Executive Order 13132
    Treasury has determined that this rule will not have substantial 
direct effects on the States, on the relationship between the National 
Government and the States, or on the distribution of power and 
responsibilities among the various layers of government. Therefore, 
Treasury has determined that this rule has no federalism implications 
warranting preparation of a federalism assessment.

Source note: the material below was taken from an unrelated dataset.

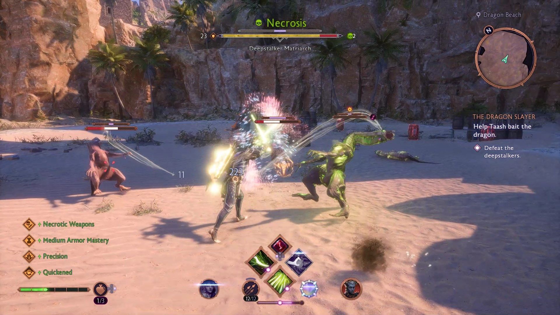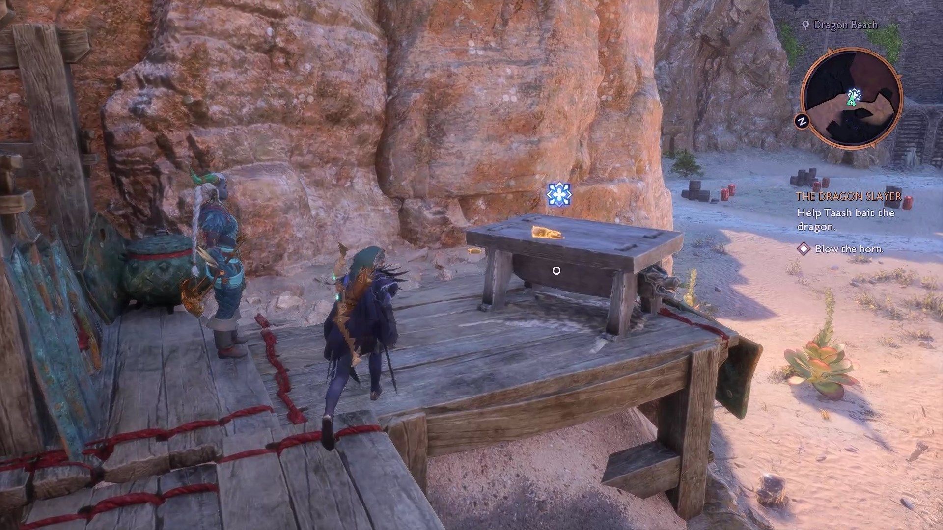 Na końcu ścieżki, na plaży, stoczycie walkę z hordą wrogów i mini-bossem. Przeciwników jest wiele i atakują szybko, lecz ich ataki można sparować - korzystajcie z rozrzuconych po arenie wybuchowych beczek oraz umiejętności obszarowych. Po walce znowu podążajcie do Taash, aż nie dotrzecie do rogu. Zadmijcie w niego by zwabić smoka.

Paperwork Reduction Act, 44 U.S.C. Chapter 35
    Treasury has determined that this rule will not impose new or 
modify existing recordkeeping or reporting requirements under the 
Paperwork Reduction Act.
Inapplicability of Notice and Delayed Effective Date
    The Administrative Procedure Act (APA) requirements in 5 U.S.C. 553 
govern agency rulemaking procedures. Section 553(b) of the APA 
generally requires notice and public comment before issuance of a final 
rule. In addition, section 553(d) of the APA requires that a final rule 
have a 30-day delayed effective date. The APA, however, provides 
exceptions from the prior notice and public comment requirement and the 
delayed effective date requirements, when an agency for good cause 
finds that such procedures are impracticable, unnecessary, or contrary 
to the public interest. 5 U.S.C. 553(b)(B), (d)(3). Treasury finds that 
prior notice and comment are impracticable and contrary to the public 
interest and that good cause exists to issue this interim final rule 
immediately.
    The ongoing unprecedented situation related to COVID-19 is having a 
nationwide impact, as demonstrated by the declaration of a national 
emergency by the President. See Proclamation 9994 of March 13, 2020, 85 
FR 15337 (Mar. 18, 2020). The interim final rule supports seasonal 
employers affected by COVID-19 in obtaining PPP loans to maintain their 
businesses and keep people employed. To protect our public interests 
during the ongoing national emergency, Treasury concludes, pursuant to 
5 U.S.C. 553(b)(B), that there is good cause to dispense with prior 
public notice and the opportunity to comment on this rule before 
issuing this interim final rule. For the same reasons, Treasury has 
determined, consistent with section 553(d)(3) of the APA, that there is 
good cause to make this temporary final rule effective immediately.

Michael Faulkender,
Assistant Secretary for Economic Policy.